Before the vote on whether to send Brett Kavanaugh to the US supreme Court happened, it was clear it would split along party lines. Still, countless American women hoped the senate’s few moderate female Republicans would believe Dr. Christine Blasey Ford’s claim that Kavanaugh had sexually assaulted her in high school, and reject him.
That turned out to be a well-founded hope in the case of Alaska senator Lisa Murkowski, who declined to vote in favor of Kavanaugh’s confirmatio—but a pipe dream when it came to Maine’s Susan Collins, who cast the deciding vote in his favor.
Collins explained her position on CNN’s “State of the Union” with Dana Bash this morning. “I do not believe that Brett Kavanaugh was her assailant,” she said. “I do believe that she was assaulted. I don’t know by whom, and I’m not certain when, but I do not believe that he was the assailant.”

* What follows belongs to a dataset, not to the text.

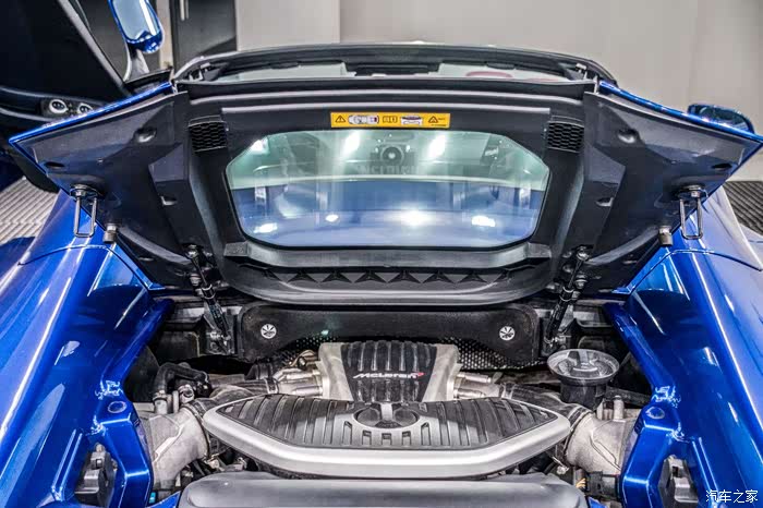 大家可以很明显的看到这台车上到处都是晃眼的空气动力学套件,比如车身两侧的双进气口和可以升降的尾翼,这些不仅是为了在视觉上提供冲击力,更是为了在赛道驾驶时提供足够的冷却空气以及下压力,尾翼在高速重踩刹车的情况下能给升起并产生Air-Brake(空气制动)的效果,为激烈驾驶提供可靠的保障。

Collins and other Republicans have sought to show that they believe Ford while also somehow maintaining their support for Kavanaugh. But as Bash pointed out to Collins, you can’t have it both ways.
“But if she said that under oath and he said that under oath, you’ve made a decision that he said [sic] is more valid than what she said” Bash continues.
Collins replies that there was no corroborating evidence that Kavanaugh assaulted Ford, and therefore felt it was not likely that Kavanaugh was involved. ”In this country, we have a presumption of innocence,” she said. But that standard of evidence only applies to criminal trials—not confirmation hearings.
The Washington Post (paywall) reported that experts in traumatic memories have scoffed at the theory that Ford could be mistaking Kavanaugh for someone else.
“The person lying on top of you—who she’d previously met—you’re not going to forget that,” Richard Huganir, a neuroscientist at Johns Hopkins School of Medicine, told the Post. “There’s a total consensus in the field of memory … If anything, fear and trauma enhances the encoding of the memory at a molecular level.”
Meanwhile, Collins’ pivotal vote has prompted furious opponents to raise more than $3 million for whoever challenges her in 2020.